--- START ---

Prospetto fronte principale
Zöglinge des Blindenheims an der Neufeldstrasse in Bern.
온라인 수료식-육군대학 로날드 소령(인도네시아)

--- END ---

Work to be completed:
With nothing added or dropped, write out the listing again.

Task answer:
Prospetto fronte principale
Zöglinge des Blindenheims an der Neufeldstrasse in Bern.
온라인 수료식-육군대학 로날드 소령(인도네시아)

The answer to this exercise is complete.